I was tuning a car sound system for the last weeks. Two woofers/tweeters in the front, a full range on the back seats. Tuning is done via a DSP in the head unit with 7 BiQuads (EQ) and a delay between the 4 amp channels.

With the EQ one can remove the nasty 100/250 modes you normally have in the cabin and the bass level plus some other small issues.

The rear speakers are delayed by a few mS, so they "disappear" from the front passengers and also bring the image forward for the listeners on the back seats.

Yesterday I drove with the car to the customer and had many hours of time to listen. Was OK for far, but not the timing. Not really bad, but also not spot on. During the drive, I stopped from time to time to do small adjustments in order to improve timing. No success. At the end, I started to make small changes on the delay between the front and the back speakers and suddenly, the whole thing came together. And what was the difference between OK and spot on? 0.2mS :D. That's it. I did an experiment when I arrived and ask people to listen between the two settings (tuning tools allows very easy A/B comparisons). Everybody with some experience in listening spotted the difference and we had 100% correct results. Two people (with almost no experience) heard nothing......even so we tried to explain what it was.

Of course you can measure the 0.2ms on impulse response if you try hard but it would not make ANY difference on the response together with all the reflections coming in already very early.
It's amazing that our brain obviously can very well differentiate in the time domain and cares about very small differences - somebody, who just measures the response or the "general" impulse response" could argue, the 0.2mS cannot be relevant. But they are, as I experienced (again) yesterday.......:p
 
Very interesting.

Even in a noisy environment such a moving car we can spot (very) small timimg differences.

I am more and more convinced of the importance of timing in music reproduction.
And I think that those who don't care about it very much may be missing a lot.
 
100% agree on the driver delays in an automobile. I don't think I could go back to a passive setup. It's either right or its wrong
 
Yes - it is interesting to note the "detectability" of such minute differences in phase.

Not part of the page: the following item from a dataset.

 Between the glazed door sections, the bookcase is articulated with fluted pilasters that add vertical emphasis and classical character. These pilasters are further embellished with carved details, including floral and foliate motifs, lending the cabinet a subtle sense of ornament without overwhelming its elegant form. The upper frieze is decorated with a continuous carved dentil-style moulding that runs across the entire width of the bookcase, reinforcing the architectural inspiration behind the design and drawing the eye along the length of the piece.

Whether this 0.2ms phase difference can be attributed to "Timing" in the context of PRAT is probably debatable - depending upon how one defines "Timing".

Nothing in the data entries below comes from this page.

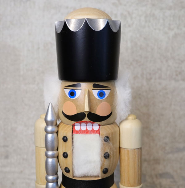 ザイフェナー・フォルクスクンスト、白木の木目が美しいくるみ割り人形です。なんとなくタレ眉と丸いほっぺが、ひげや大きな口をユーモラスにしています。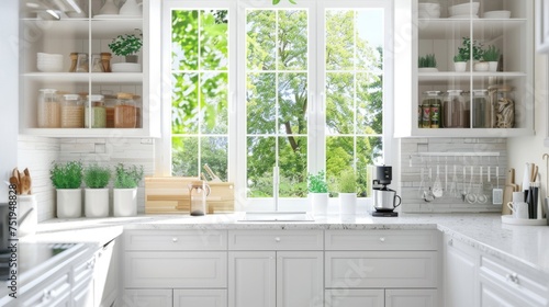 Fototapeta premium Modern Kitchen Design, Open Shelving, Wooden Pantry, Natural Light.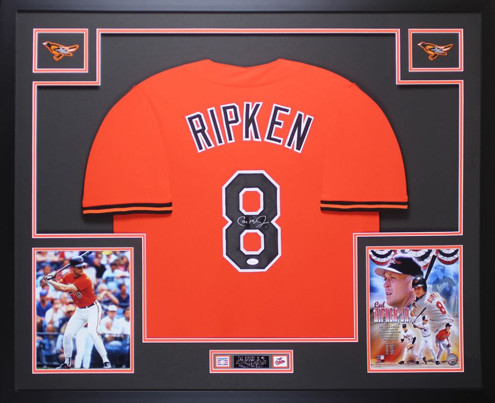 A beautifully framed autographed Cal Ripken Jersey. The autograph is certified by JSA and includes a sticker on the Jersey and a matching certificate attached to the back of the frame.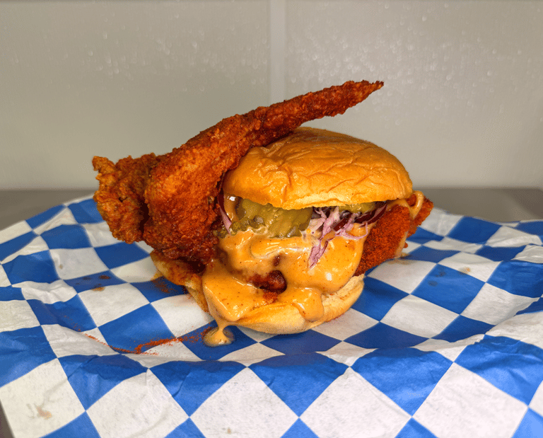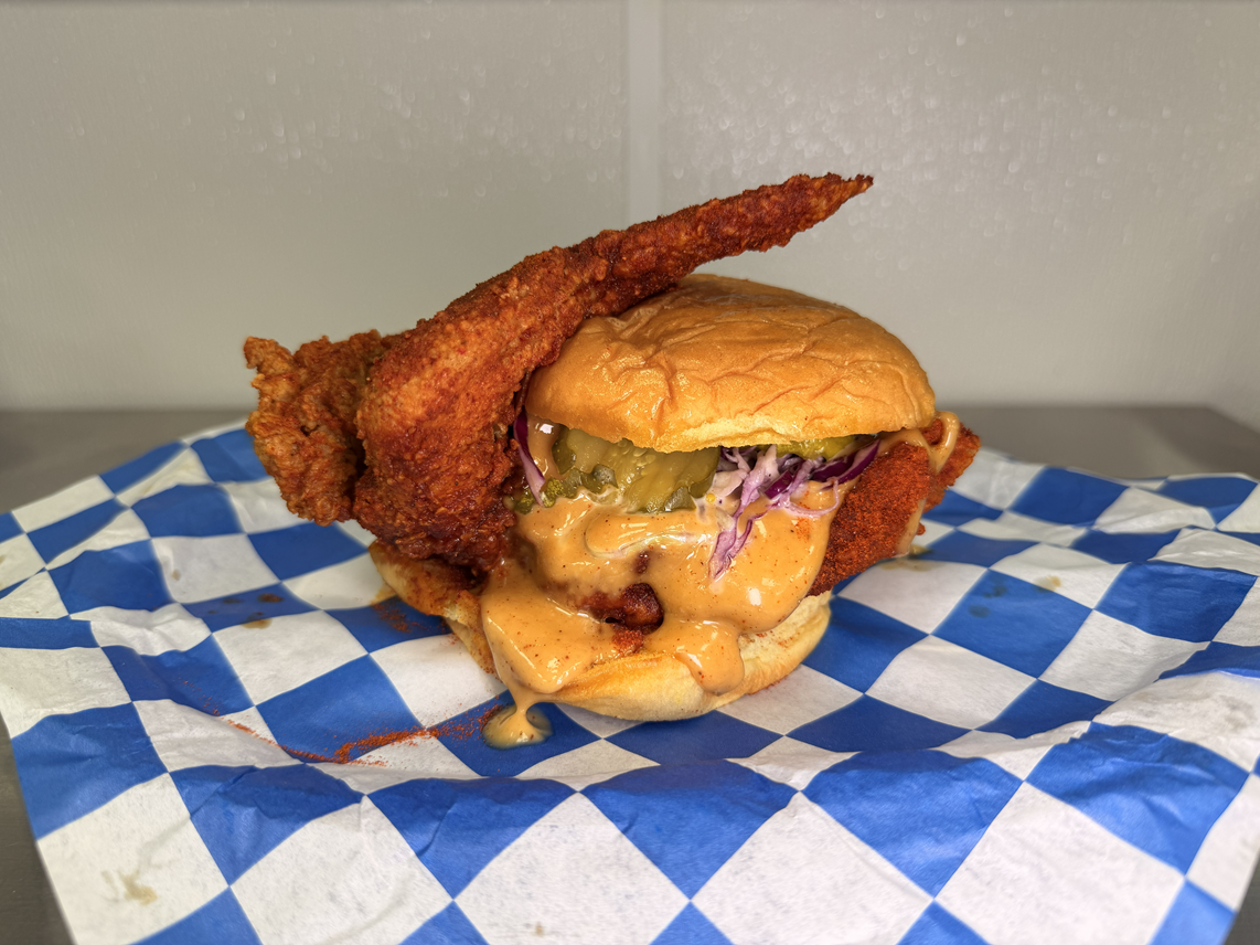 Giant chicken breast with a whole wings served with pickles, slaw, rooster sauce on a butter bun.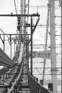 由中交集團二航局承建的伶仃洋大橋,是深中通道的關鍵控制性工程。“貓道”是懸索橋施工時架設在主纜之下、平行於主纜線形的臨時施工便道。伶仃洋大橋有兩根主纜,單側貓道有3000米,兩個主塔之間大概1700米,最高點距離江面達到270米,相當於90層樓高,最低點也接近有30層樓高。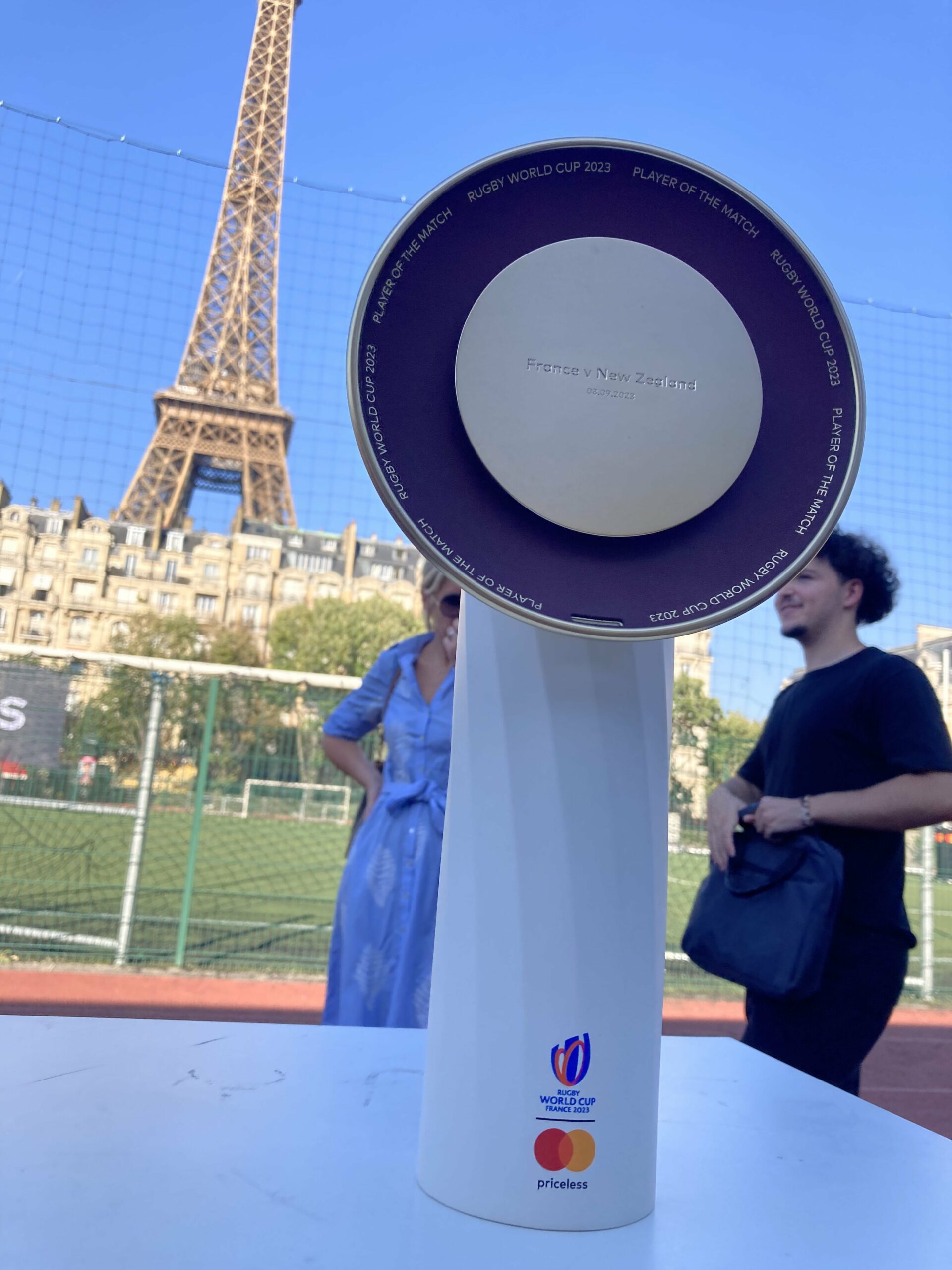 Pendant cette Coupe du Monde de rugby 2023, Mastercard sponsorise le trophée d’homme du match qui diffusera de la musique et des commentaires du match en question.

Phase is a crucial component in human auditory perception of depth and left-right positioning (along with level differences between channels).

If we assume sea level then the speed of sound would be ~340 m/sec and the detectability of 0.2ms would imply the ability to perceive depth differences of 340/(1000/2) metres or approximately 0.17 meters - which makes sense in terms of the application inside a car cabin.

Isn't Nature wonderful?
 
yes, ear is sensitive to phase or delay, particularly from multiple sources.
Well, more than the human ear, it's basic superposition, after all a phase of 180deg = cancellation regardless of the frequency, distance or time it equates to.
I terms of timing, most people are ok with sub ms delays. Of course, timing != phase of course.